THIS IS WHY I AM BROKE?

Been doubting the self I had nurtured years ago. It all started years back when I used to be a girl with dreams and hopes. A girl who was into the life she always wanted to live. But someway in the run of pursuing my dream the world outside didn’t seem to be supportive towards my thoughts.

The alone fight to give a fly to my dreams was too tough, until then when a stranger companion forwarded his hand for friendship. The beginning was very sweet. He used to support – me in ways so that I could pursue my dreams. He used to be with me all the time whenever I faced any difficulties and hurdles. It was all going well, till the real problems started engulfing the boundaries.

When everything was going well, the boy who used to be my best secret keeper, started demanding things from me in order to fulfill his own terms and wish. Things started paving different directions. Once who used to be the best companion now was becoming worse than evil.

My dreams now turned into burdens and useless stuff for the one who was helping me out day in and out to achieve
my dreams. Slowly I was in a trap that I had no clue about. My dreams were now ventilated with harsh demands. I experienced my first outbreak.

I choked to accept the reality. I was being trapped by a man of ill willpower and I never realized this. I started questioning my existence, I doubted my self-worth. I broke my own rules and saw my dreams shattering in front of me. I saw my heart breaking into pieces in front of me.

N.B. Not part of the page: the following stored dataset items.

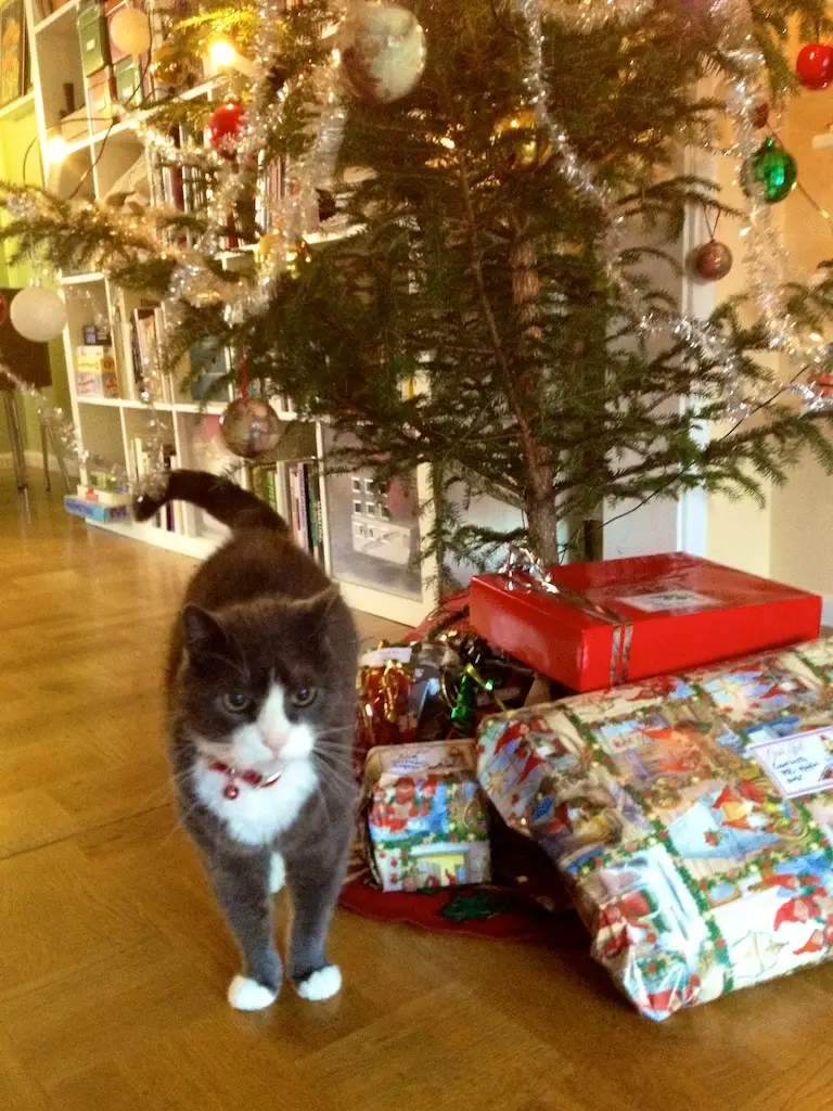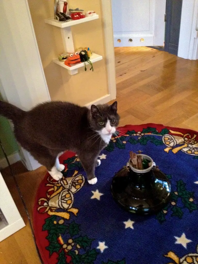 Silver tycker att bästa påhittet med julen är att vi är så snälla och tar in en gran till honom. Fast, här är han lite otålig eftersom det dröjer så innan själva granen kommer på plats…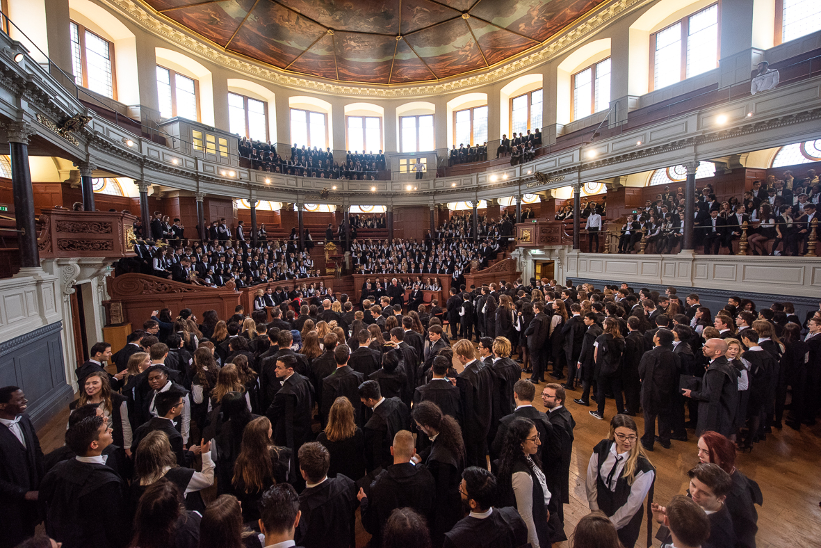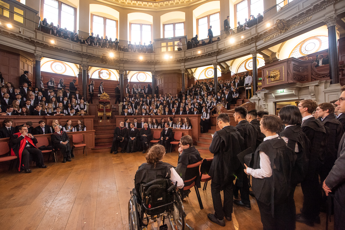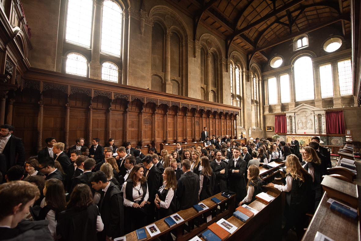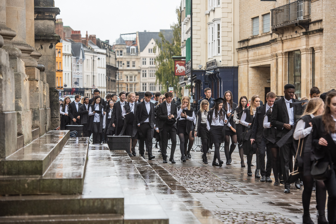 The new students endured a soggy thirty-second walk from college to Sir Christopher Wren’s architectural masterpiece for the ancient Latin induction ceremony in which, among other things, students agree not to kindle any flame in the libraries.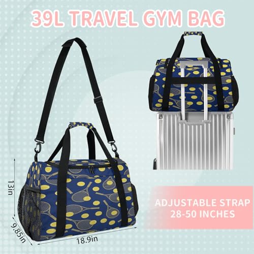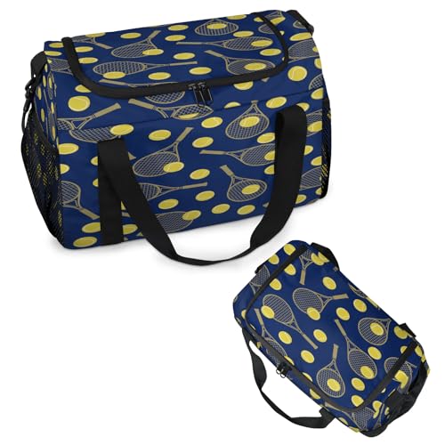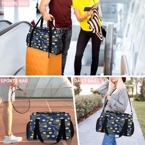 trending ! Yellow tennis racket Travel Duffle Bag - Waterproof weekend luggage bag, men's sports and fitness bag, shipment hospital storage bag, overnight luggage bag with pull rod cover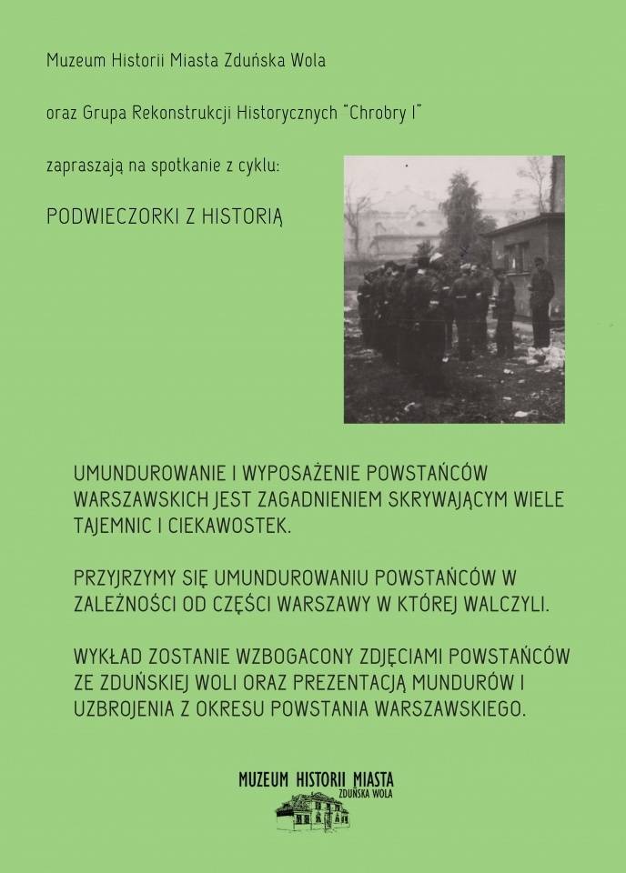 Tego samego dnia o 18.00 w zduńskowolskim muzeum odbędzie się spotkanie z cyklu „PODWIECZORKI Z HISTORIĄ", pod tytułem „Powstaniec Warszawski – czy zawsze w „panterce" i ze STEN-em?"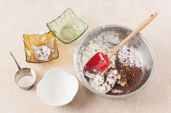 ШАГ 5 Взбейте сливки, смешайте их с рикоттой, тертым шоколадом, соком и цедрой апельсина, взбейте венчиком до загустения.

I was helpless. I couldn’t breathe my own reality. The person shook and broke my world into pieces which I couldn’t even stick to again. He used me for his own purpose, he used to gain his literals and raise his standards above. He used me as a stepping to rise above and kicked me off too down which was even hard for me to restart from.

This is why I am broke. This is why I don’t socialize much. This is why I trust none. This is why I have set boundaries. A part of me left unstitched forever. A person made me spoil my dreams and gave
me wings so that I could fly above and rise again. Yes, I’m broke; but the fire in me still burns with a high flame of hope.